There are two main types of stress crack – linear cracks and star cracks. Linear cracks tend to run in parallel lines and star cracks spread out in a starburst type pattern. The patterns of cracks are a clue to what caused them:
- Star cracks – star cracks are caused by external impact, with the central area of the crack being the point of impact and concentric circles spreading outwards, like a spider’s web. They are also caused by flexing around a point, for example as seen around a stanchion base which has been leant on or pulled heavily by crew members getting aboard.
- Linear cracks – linear cracks indicate damage caused by bending or flexing. These occur for example along deck edges, where the deck meets the cabin sides, where the moulding curves upwards away from the cockpit area to the deck, or around the edges of cockpit lockers.
Stress crack repairs
The underlying cause of stress cracks need to be identified before a repair is carried out, because if there is a structural problem beneath the deck this will need to be repaired first. This may be a question of fitting backing plates or stiffening an area with additional glass fibre laminates. Check the integrity of the laminate beneath the affected area and see if it is watertight.
Taking advice on how best to proceed at this stage would be wise, as it will depend on your specific circumstances.
Thankfully, most deck stress cracks can be repaired fairly easily, providing the underlying laminate is intact. Here are the steps involved:
- Remove any deck hardware necessary to gain access to the whole length of the crack (or cracks).
- Grind out the cracks using a small, high speed rotary tool. An alternative is to use the corner of a good quality scraper to open the cracks up, chamfering both edges in the process.
- Clean the cracks and repair area with acetone. Then mask the repair area off prior to filling. This will prevent the surrounding gelcoat and fittings from being damaged when sanding the repair.

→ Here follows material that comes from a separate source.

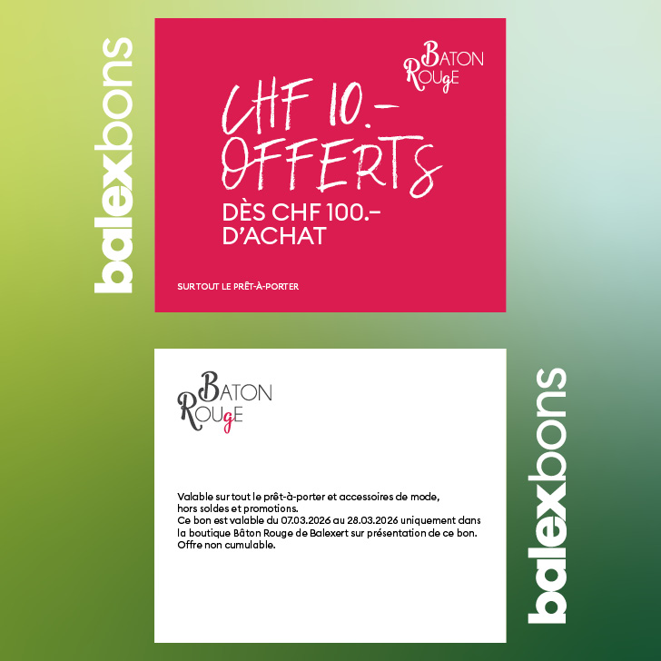 This voucher is valid from 07.03.2026 to 28.03.2026 only in the Bâton Rouge shop in Balexert upon presentation of this voucher.

- Decide whether you need to tint the filler to match your gelcoat, using gelcoat pigments. This will require some practice to get a good result. See page xx: How to colour match gelcoat.

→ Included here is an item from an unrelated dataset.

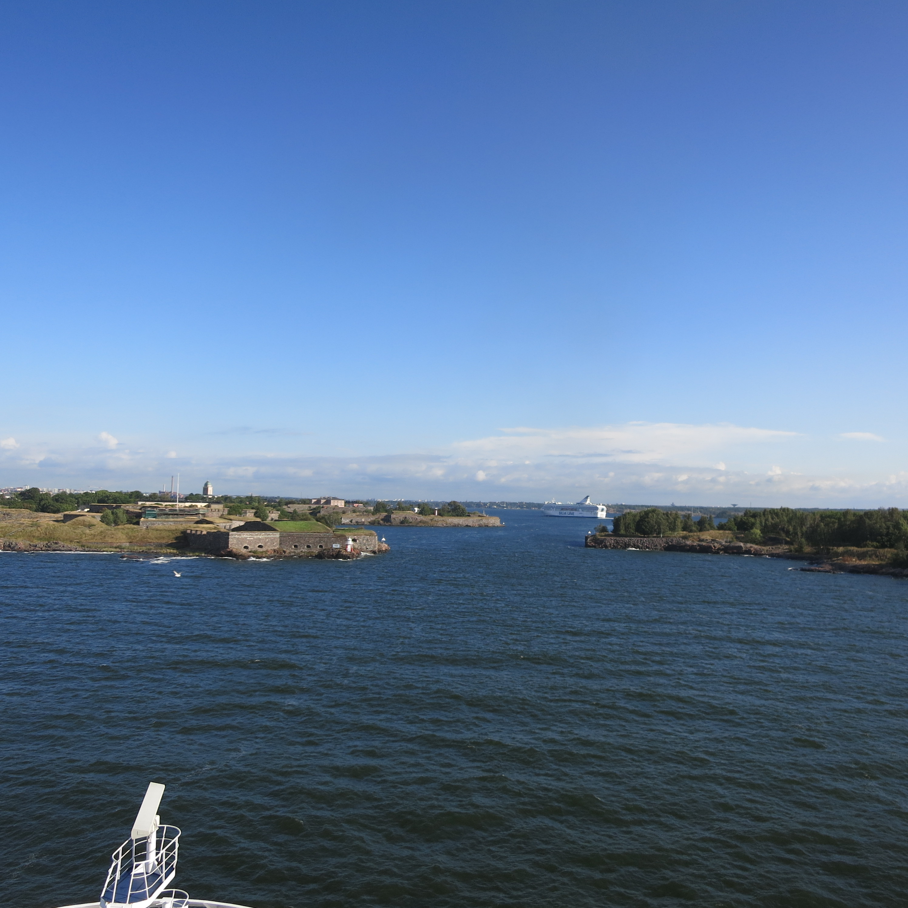 A narrow passage on the way into Helsinki, Finland. The cruise ship before us looks like they will barely fit.

- Fill the exposed cracks with gelcoat filler using a plastic spreader, making sure the cracks are completely filled.
- Leave the filler to harden off. When fully cured, sand the filler with a 240 grit wet and dry paper, used wet.
- Check the filler repair is flush and refill if necessary. Then rub back and smooth off with a finer 600 grit wet and dry paper.
- When the gelcoat surface is flush, remove the masking tape and apply rubbing compound to give a gloss finish to the repair, which can then be polished with a wax polish.